OSQP (Operator Splitting Quadratic Program) is a state-of-the-art solver for quadratic programming (QP) problems. It is particularly well-suited for solving the QP formulations that arise in Model Predictive Control (MPC). OSQP is efficient, robust, and designed to handle large-scale problems, making it a perfect fit for real-time optimization tasks in control applications. Integrating OSQP into your project allows for fast and reliable solutions to QP problems, essential for implementing MPC.

Linux Installation

export OSQP_PATH=${HOME}/.osqp
git clone https://github.com/osqp/osqp ${OSQP_PATH}
mkdir ${OSQP_PATH}/build && cd ${OSQP_PATH}/build
cmake -G "Unix Makefiles" -DCMAKE_BUILD_TYPE=Release ..
make && sudo make install

Installation

1. Download and move the header file into your project

Download the osqp_mpc.hpp header file and place it in the include/ directory of your project. This header contains all the necessary code to formulate and solve MPC problems using OSQP and Eigen.

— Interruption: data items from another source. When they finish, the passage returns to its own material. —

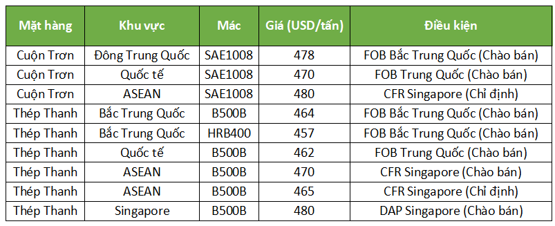 Chỉ số thép thanh FOB Trung Quốc không đổi ở mức 447 USD/tấn FOB trọng lượng lý thuyết. Giá thép thanh nội địa tương đương là 422-443 USD/tấn trọng lượng lý thuyết. Một nhà máy ở miền bắc Trung Quốc giữ giá chào bán thép thanh ở mức 464 USD/tấn FOB cho mác B500B và 457 USD/tấn FOB cho mác HRB400.
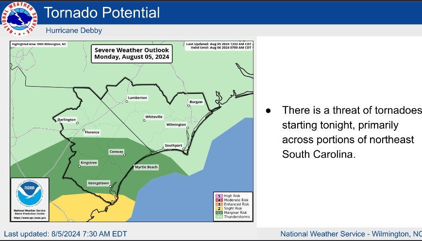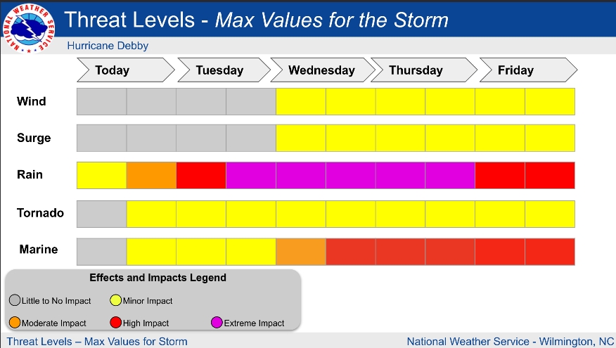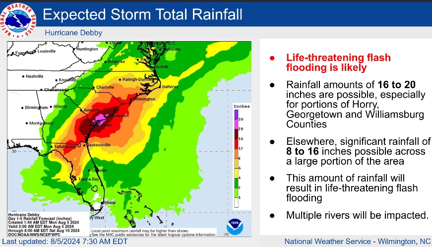 Ahead of Debby, expected to hit North Carolina as a Tropical Storm, the National Weather Service has called for a potential of extreme flooding from rain associated with the storm. Below is the local National Weather Service’s weather briefing:
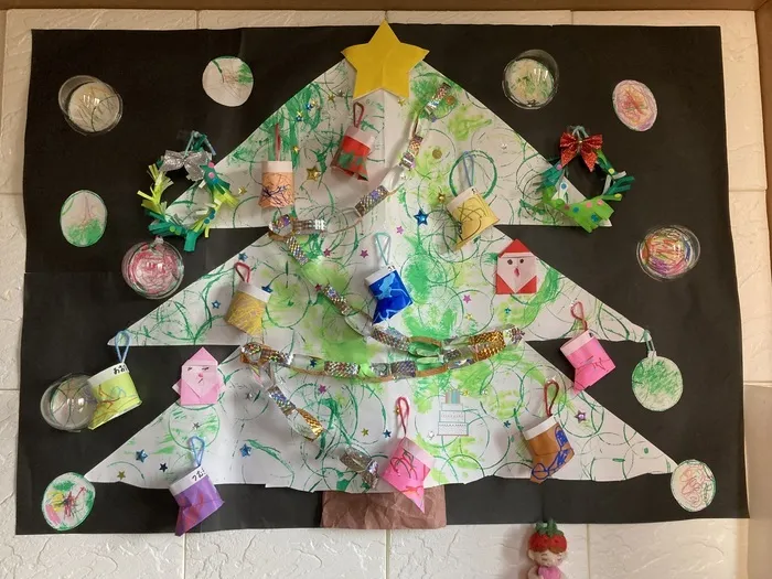 折り紙で年長組さんがサンタさんを折ってくれたり、クリスマスブーツの柄をペンで描いたりして装飾しました。
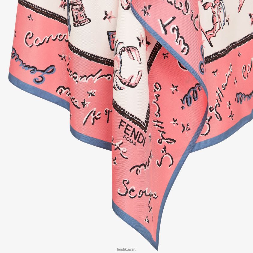تنورة فولارد صغيرة. تخلق اللوحة الأمامية ثنيات ناعمة على الجهة الأمامية وحاشية غير متماثلة. مصنوعة من نسيج قطني طويل من الحرير الوردي والأبيض. تم تخصيصه بطبعة علم التنجيم من فندي على كامل التصميم.
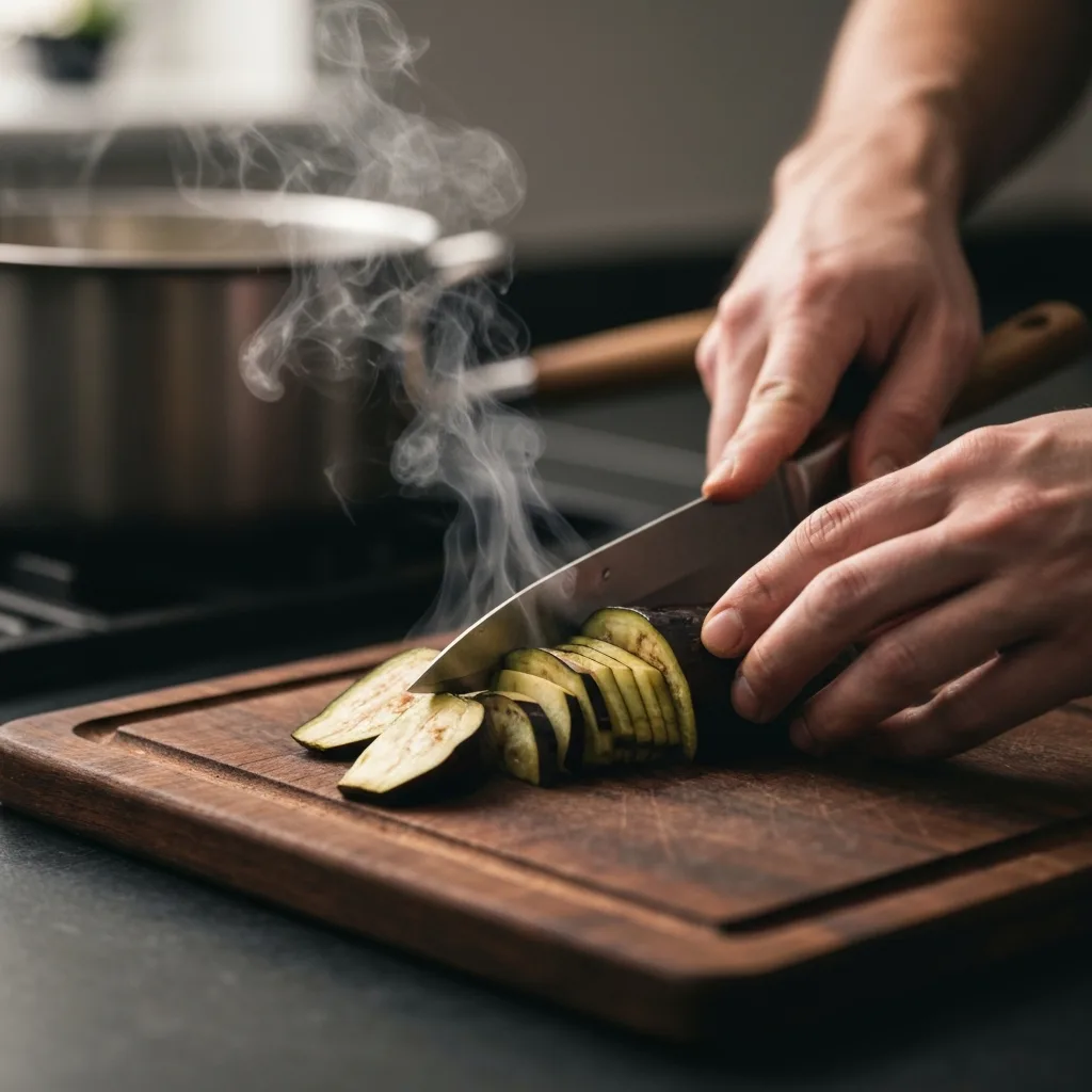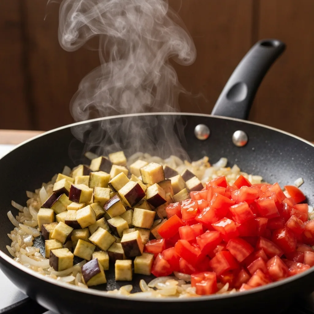 Rendelediğiniz domatesleri tavaya ekleyin ve suyunu çekene kadar pişirin. Ardından közlenmiş patlıcanları, tuzu ve karabiberi ilave edip 5 dakika daha karıştırarak pişirin. Ocaktan alıp ince kıyılmış maydanozu ekleyin ve soğumaya bırakın.
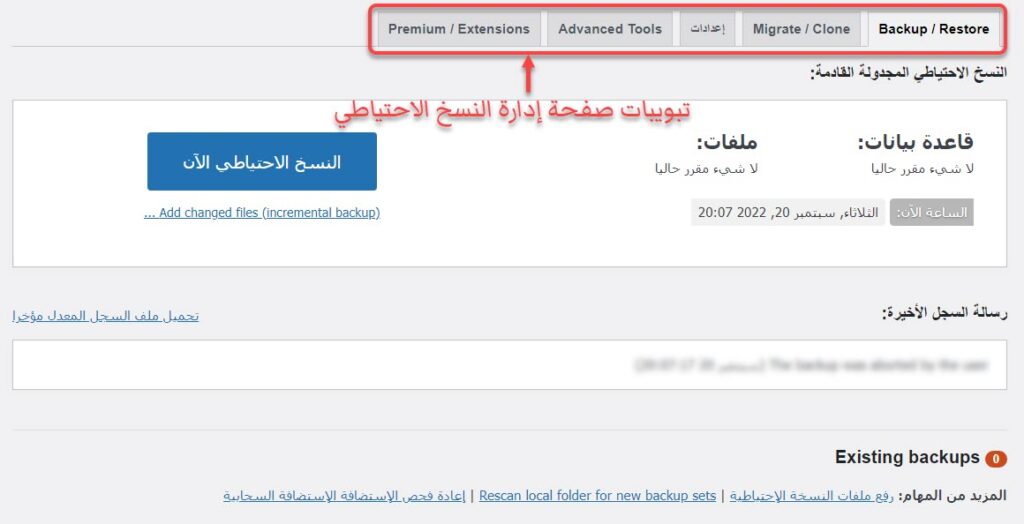 تحتوي صفحة إدارة النسخ الاحتياطي العديد من التبويبات التي تتضمن خيارات كثيرة توفر إمكانية القيام بوظائف عديدة متعلقة بعمل واستعادة نسخة احتياطية لموقع الووردبريس، وسنشرح في الفقرات التالية أهم الإجراءات التي يجب معرفتها.
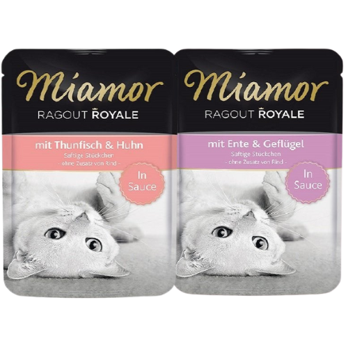 MIAMOR Ragout Royal tuunikala ja kana + part kanakastmega 24x100g Kassidele>Kassitoit ja maiused>Kasside märgtoit | 14,40 € | Poodi | ||
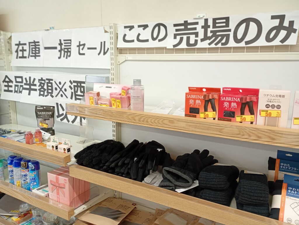 閉店を前に店内では一部の商品について半額セールを行っていますので、よかったら足を運ばれてみてはいかがでしょうか。意外な掘り出し物があるかも!?
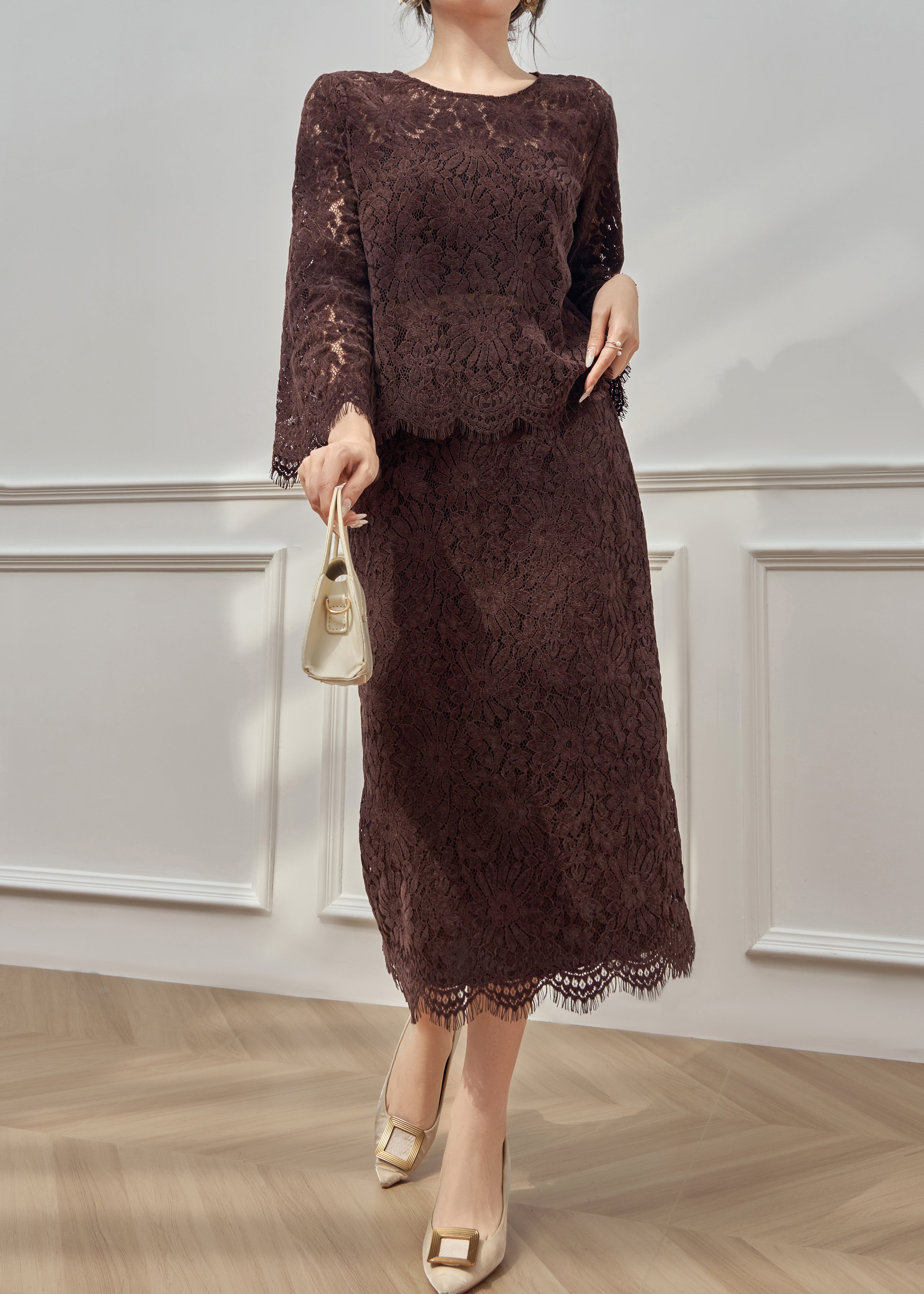 Elegant Coffee O Neck Hollow Out Lace Two Pieces Set Fall

2. Add Eigen and OSQP dependencies to your CMakeLists.txt file

In your CMakeLists.txt, ensure that Eigen and OSQP are correctly linked by adding the following configuration:

cmake_minimum_required(VERSION 3.10)
project(my_project)

# ... compiler flags

find_package(Eigen3 REQUIRED)
find_package(osqp REQUIRED)

include_directories(SYSTEM ${EIGEN3_INCLUDE_DIR})
include_directories(include)

add_executable(my_executable src/main.cpp)
target_link_libraries(my_executable Eigen3::Eigen osqp::osqp)

# ... other executables

Usage

This section will guide you through the steps to use the OSQP-MPC library to formulate an MPC problem, convert it to a QP problem, solve it using OSQP, and finally, use the results.

Include the header file

To begin, include the osqp_mpc.hpp header file in your source file:

#include "osqp_mpc.hpp"

MPC Problem Formulation

Model Predictive Control (MPC) is a powerful control strategy used in various applications, ranging from robotics to process control. MPC optimizes control inputs over a future time horizon to minimize a cost function while satisfying system dynamics and constraints.

In an MPC problem, you aim to minimize a cost function that typically penalizes deviations from desired reference states and the use of control inputs. The optimization is subject to the system's dynamics and constraints on both states and control inputs.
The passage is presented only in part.